2021 reading summary
As mentioned, it was my most prolific reading year. I finished 136 books, surpassing my previous best of 109 books. I read a mixture of poetry, plays, non-fiction and fiction, much of which was very good indeed. Most of my reads were for the first time, but I did manage 21 re-reads, including some absolute monsters. If I had to define my reading year I would say it was the year that I felt (possibly a delusion) that I had made some headway against my to-be-read pile, and where I lost my fear of the 600+ page book.
This was also the year in which I finished reading all George Eliot’s major works (including rereading Middlemarch) and all of Virginia Woolf’s fiction and non-fiction output, barring her letters and diaries.
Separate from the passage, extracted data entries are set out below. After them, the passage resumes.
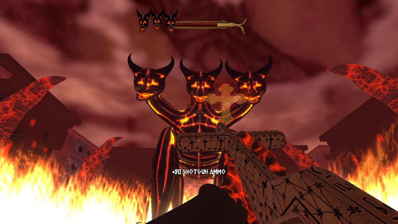 Игровой процесс напоминает видеоигры про Серьезного Сэма. Инди-тайтл предлагает быстрый и динамичный геймплей старой школы с небольшим влиянием современных шутеров. Пользователя запирают на больших картах-аренах и спускают на него со всех сторон толпы недругов. Есть 14 разновидностей врагов, включая ангелов и демонов. Также в наличии 11 крупных боссов. Присутствует кровь и мясо. В награду за особо жестокие убийства супостатов тут частично восстанавливают здоровье.
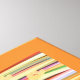 Orange framed print in colourful floral and stripe design. The orange frame can be changed to any colour to match your decor.
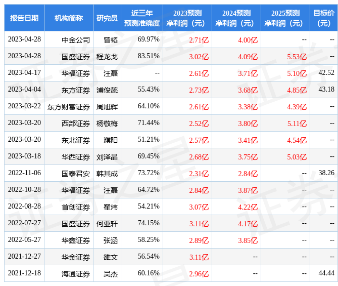 证券之星数据中心根据近三年发布的研报数据计算,国盛证券程龙戈研究员团队对该股研究较为深入,近三年预测准确度均值高达83.51%,其预测2023年度归属净利润为盈利3.02亿,根据现价换算的预测PE为23.81。
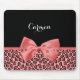 Coral and Black Jaguar Print Cute Bow With Name Mouse Mat
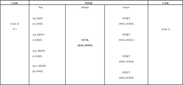 Note that in case of positive answer to the question the ending of a noun does not change: – У вас есть машина? (Do you have a car?) – У меня есть машина (I have a car). The only difference is that “У вас…” has changed to “У меня…”
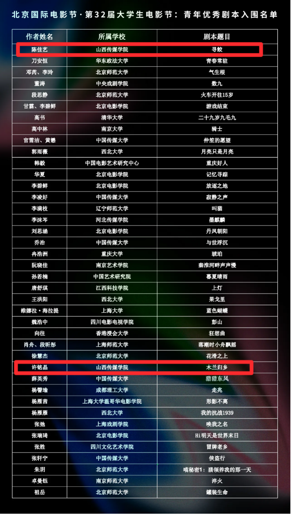 近日,北京国际电影节·第32届大学生电影节第十一届青年优秀剧本推选入选结果公布,2020级戏剧影视文学专业许铭晶同学的作品《木兰归乡》和2021级戏剧影视文学专业陈佳艺同学的作品《寻鲛》脱颖而出,成功入围。
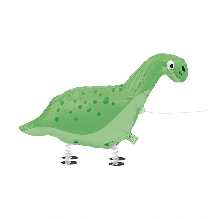 Foliový balónek ve tvaru dinosaura s papírovými nohami, tento balónek je určen pro pomyslnou chůzi.
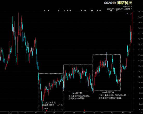 博彦科技的股价从2023年1月3日开始上涨,截至2月14日的区间涨幅接近50%。
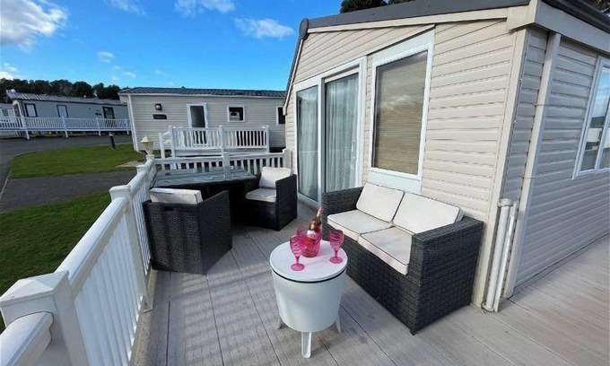The Caravan is situated on a quite area of the park (Pines, named after the pine trees which surround this area) with its own parking space and with patio doors leading onto the large wrap around veranda with plenty of seating which is ideal for dining alfresco and gets sun all day, weather permitting.
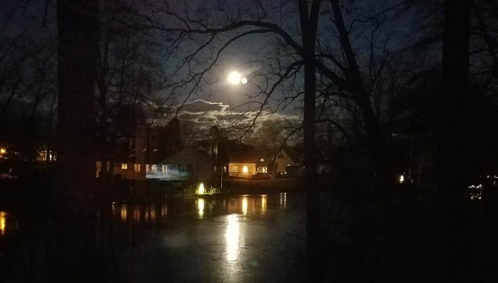 Margaret May – A New Year’s moon over Red Mill Pond / Click for full view
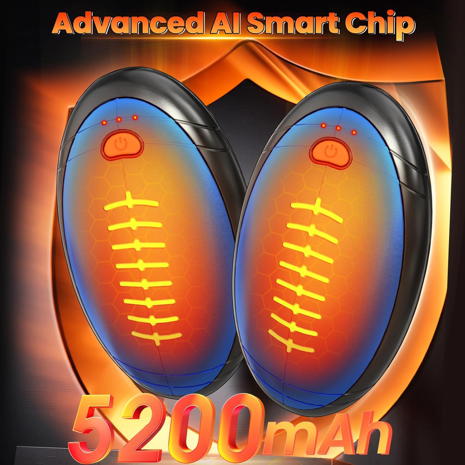 - đ„ă2025 Upgraded 2-in-1 Hand WarmerăThis hand warmes features a unique rugby shape that perfectly fits the curve of the palm, providing ultimate comfort. The hand warmer double-sided heating and buckle design that can be charged separately allows it to easily transform into a 2-in-1 hand warmer, which can be easily disassembled or combined according to your needs. Hand warmers Portable pocket design, suitable for traveling, hunting, playing golf, hiking, camping, skiing, or sharing with friends
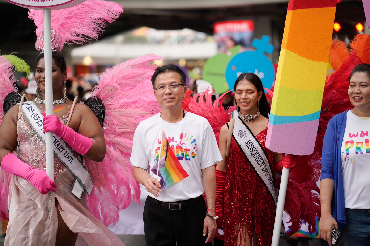 อธิบดีกรมกิจการสตรีและสถาบันครอบครัว กล่าวด้วยว่า สำหรับการจัดงาน Bangkok Pride Festival 2024 ในปีนี้ นอกจากกระทรวงพัฒนาสังคมฯ จะมาร่วมเป็นส่วนหนึ่งของขบวนพาเหรดที่ยิ่งใหญ่นี้แล้ว กระทรวงการพัฒนาสังคมฯ ได้สนับสนุนงบประมาณจากกองทุนส่งเสริมความเท่าเทียมระหว่างเพศให้กับมูลนิธิเพื่อสิทธิและความเป็นธรรมทางเพศและเครือข่ายไพรด์ 17 จังหวัด (18 พื้นที่) ร่วมจัดกิจกรรมต่าง ๆ ในระดับจังหวัด เช่น การเสวนา/การอบรม การเดินรณรงค์ การจัดแสดงนิทรรศการ เพื่อสร้างการรับรู้และความเข้าใจความเท่าเทียมระหว่างเพศให้แก่ประชาชนในพื้นที่ตลอดเดือนมิถุนายนนี้ ผมขอสื่อสารไปยังภาคีเครือข่ายไพรด์ ทุกภาคส่วนทั้งในส่วนกลางและต่างจังหวัดว่าหน่วยงานของกระทรวงพัฒนาสังคมฯ พร้อมทำงานร่วมกับทุกท่านและพร้อมรับฟังปัญหา ความคิดเห็นและข้อเสนอแนะจากทุกฝ่ายเพื่อร่วมผลักดันนโยบาย มาตรการกลไกเพื่อพัฒนาคุณภาพชีวิตของประชาชนและขจัดอุปสรรคซึ่งเป็นผลมาจากการเลือกปฏิบัติด้วยเหตุแห่งเพศ
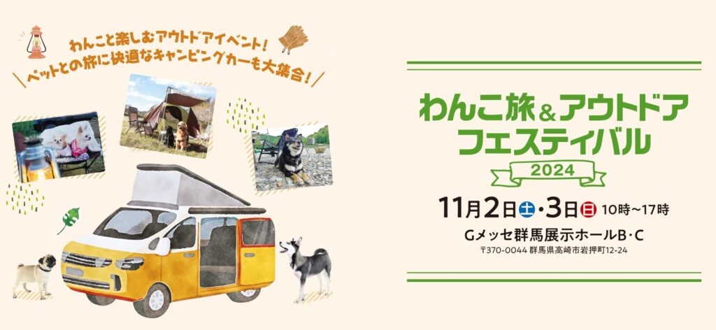 • 出展のお知らせ!わんこ旅&アウトドアフェスティバル。11月2日(土)・3日(日) 10:00~17:00
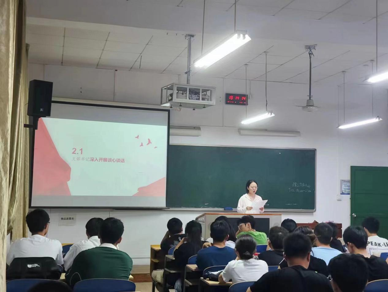 本次生活会以“学习贯彻习近平新时代中国特色社会主义思想”为主题,会议伊始,主持人向参与组织生活会的学生党员介绍了本次组织生活会的目的和安排。随后,学生党支部书记就习近平总书记在全国组织工作会议上对党的建设和组织工作作出的重要指示以及习近平总书记考察湖南重要讲话和重要指示批示精神进行领学。
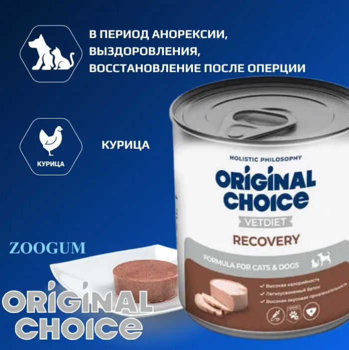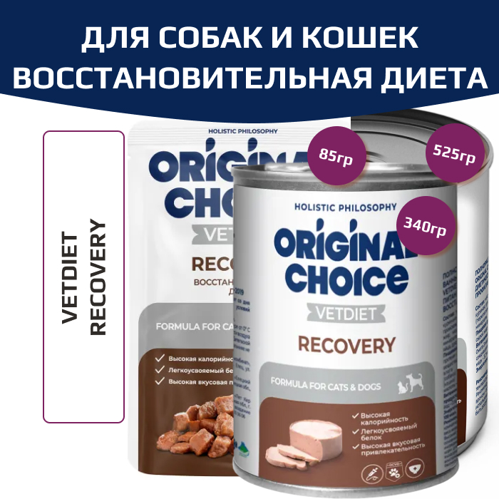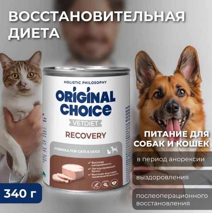 Полнорационный консервированный легкоусвояемый корм Original Choice Vetdiet Recovery предназначен в качестве диетического питания для собак и кошек в период анорексии, выздоровления, послеоперационного восстановления.
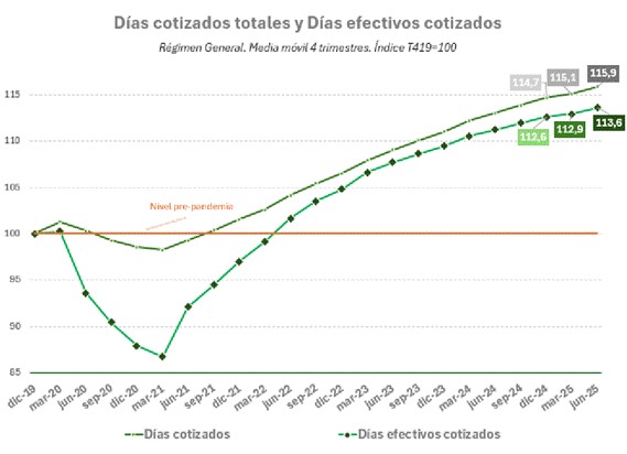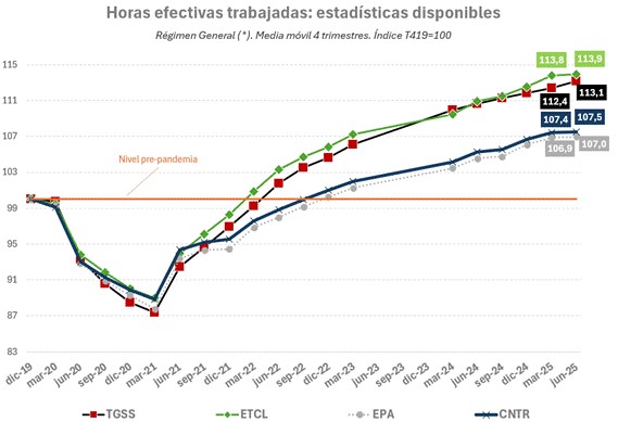 En cuanto al indicador de horas cotizadas, la TGSS también ha publicado los últimos datos, correspondientes al segundo trimestre de 2025. Para evitar la volatilidad que existe entre los diferentes trimestres y apreciar la evolución a medio plazo de las horas efectivas trabajadas, se incluye un índice basado en la media móvil de cuatro trimestres. En el segundo trimestre de 2025 en 13,1 puntos, siendo 100 el dato de referencia correspondiente al último trimestre de 2019 (fecha de referencia, de niveles prepandemia, si se comparan los datos de cada uno de estos trimestres); lo que significa que las horas efectivas trabajadas han experimentado un incremento del 13,1% respecto al nivel previo a la pandemia.

I have two more Dickens left – Edwin Drood and Barnaby Rudge, but I expect I will read them in 2022. This year I read two new Dickens: Dombey and Son, and Pictures from Italy.
Once again, I was a bit light on the blogging, which is a consequence of work. It does get in the way doesn’t it?
Murdoch, Zweig, Himes and Oliver
I set out with the intention of reading a lot of works by Iris Murdoch and Stefan Zweig. This went passably well, but Zweig has only written one full length novel and Murdoch was quite hard work in parts (although rewarding in the end). Of Murdoch’s writing, I read Under the Net, The Sea The Sea, the Italian Girl and The Severed Head. I started on the Black Prince but will have to return to it. Under the Net was a wonderful picaresque romp, and completely unlike any of her later novels. The Sea, The Sea was excellent, though I was near the end before I realised!
Of Zweig’s work, his novel Beware of Pity is for me as good as the best of Zola, Balzac and Flaubert. From his short stories, Mendel the Bibliophile jumps out as a perfect short story, though many others are very, very good too. As an aside, I still don’t really understand why Wes Anderson credits him with inspiring the Grand Hotel Budapest.
Reading diversity
My reading diversity was not too bad:
· 75 by male writers and 61 by female writers.
· Books from 24 different countries, including: Spain, England, Russia, Kenya, Persia (Iran), Dominica, Mexico, El Salvador, Germany, Sweden, France, Scotland, India, Japan, Australia, Poland, Austria, Canada, Ukraine, Denmark, Finland, Tibet, Ireland and the USA.
· LGBT. Plenty, and many that were really clearly in the genre, but it’s so hard to classify LGBT accurately. And I honestly don't notice. I just know I did OK, and in passing, finally read James Baldwin’s brilliant Giovanni’s Room.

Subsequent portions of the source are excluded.